● Excerpted records

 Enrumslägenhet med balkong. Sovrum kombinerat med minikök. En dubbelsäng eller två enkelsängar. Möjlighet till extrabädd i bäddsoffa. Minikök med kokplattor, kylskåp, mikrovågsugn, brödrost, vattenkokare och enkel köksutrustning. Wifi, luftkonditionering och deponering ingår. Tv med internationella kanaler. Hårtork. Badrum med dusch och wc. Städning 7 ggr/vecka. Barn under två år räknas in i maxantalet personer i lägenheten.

* * *

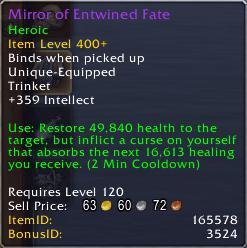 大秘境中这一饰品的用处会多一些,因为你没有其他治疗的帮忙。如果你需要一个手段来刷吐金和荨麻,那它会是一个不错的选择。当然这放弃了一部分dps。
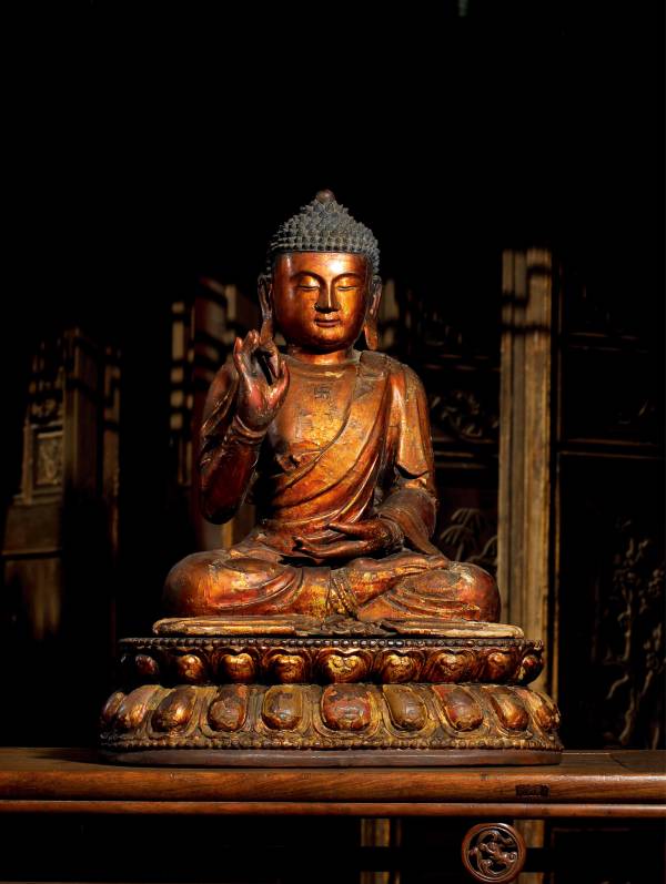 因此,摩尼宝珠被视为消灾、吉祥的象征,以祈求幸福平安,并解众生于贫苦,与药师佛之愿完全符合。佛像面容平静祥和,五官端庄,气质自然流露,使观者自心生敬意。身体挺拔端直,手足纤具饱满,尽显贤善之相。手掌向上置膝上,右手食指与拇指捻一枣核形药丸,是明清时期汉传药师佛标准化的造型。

● Directions
Print exactly, with no pictures, the lines above from the one that holds "大秘境中这一饰品的用处会多一" through the one that holds "因此,摩尼宝珠被视为消灾、吉", both of them included.

● Response area
 大秘境中这一饰品的用处会多一些,因为你没有其他治疗的帮忙。如果你需要一个手段来刷吐金和荨麻,那它会是一个不错的选择。当然这放弃了一部分dps。
 因此,摩尼宝珠被视为消灾、吉祥的象征,以祈求幸福平安,并解众生于贫苦,与药师佛之愿完全符合。佛像面容平静祥和,五官端庄,气质自然流露,使观者自心生敬意。身体挺拔端直,手足纤具饱满,尽显贤善之相。手掌向上置膝上,右手食指与拇指捻一枣核形药丸,是明清时期汉传药师佛标准化的造型。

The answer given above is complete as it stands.